Forever Young: Dr James Stark featured in The Lancet
Exploring new histories of rejuvenation and anti-ageing in one of the world's leading medical journals.
Where do our modern ideas about anti-ageing come from? We have a tendency to think of commercial anti-ageing as a recent phenomenon, but it has a long history, stretching back well before the twentieth century. Dr James Stark has a new article published in the prestigious medical journal The Lancet which explores exactly this issue.
In his article, "The Age of Youth", Dr Stark traces the origins of modern electrotherapy to the eighteenth century and argues that some of the ideas and products which we might now think of as being "quack", such as the Overbeck Rejuvenator which first appeared in the 1920s, had much in common with mainstream medicine and biomedical science, providing a headache for the medical profession who struggled to denounce these devices.
As part of his new AHRC Fellowship project, Endless Possibilities of Rejuvenation, Dr Stark is examining how the interwar period in Britain saw the popularisation of a huge range of strategies for slowing, stopping or even reversing the ageing process.
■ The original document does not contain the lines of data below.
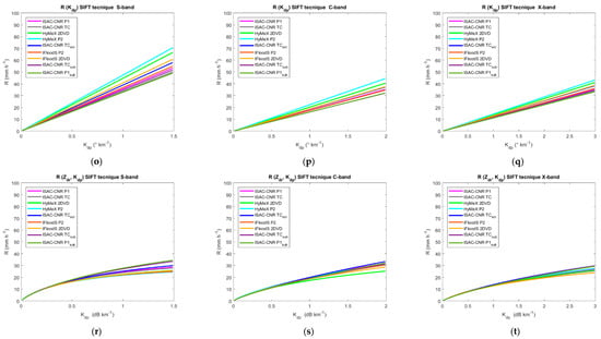 Representation of the weather radar algorithms obtained using different datasets of measured DSD and following the SIFT approach. (a–c) are ah(Kdp) relations for S-, C-, and X-band, respectively; (d–f) are ad(Kdp) relations for S-, C- and X-band, respectively; (g–i) are R(Zh) relations for S-, C-, and X-band, respectively; (l–n) are R(Zh,Zdr) relations for S-, C-, and X-band, respectively; (o–q) are R(Kdp) relations for S-, C-, and X-band, respectively; and (r–t) are R(Zdr,Kdp) relations for S-, C-, and X-band, respectively.
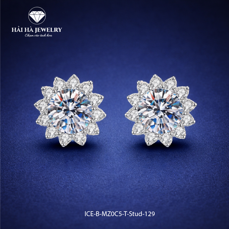 Bông tai nụ với viên moissanite tròn làm tâm điểm, được bao quanh bởi vòng đá nhỏ sắp xếp đều, tạo hình như những cánh hoa tỏa sáng. Tổng thể cân đối, tròn đầy, mang lại cảm giác dịu dàng nhưng vẫn nổi bật khi nhìn gần.
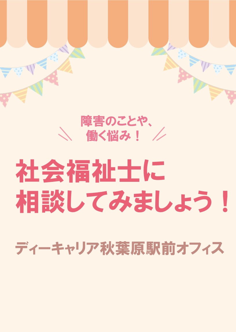【ディーキャリア秋葉原駅前オフィス】毎週月曜日開催「社会福祉士に相談してみよう!」
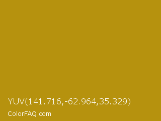 YUV 141.716,-62.964,35.329 Color is a normal yellow color and the nearest color is Dark Goldenrod #b8860b. Hex code #b6920e and RGB value is rgb(182,146,14). In RGB color space, this color is composed of 71% red, 57% green, 5% blue, In CMYK color space, this color is composed of 0% cyan, 20% magenta, 92% yellow , 29% black , In HSL color space, this color has a hue angle of 47° , 86% saturation and 38% lightness.

These treatments and products included everything from the latest fad diet or exercise trend to surgical procedures designed to boost the levels of testosterone in the body.
The overall project involves collaborations with our longstanding partners at the Thackray Medical Museum in Leeds as well as Boots and the National Trust. The Fellowship will run until September 2018 as Dr Stark works on a new book - The Age of Youth - which will reveal for the first time how modern anti-ageing and rejuvenation began in Britain.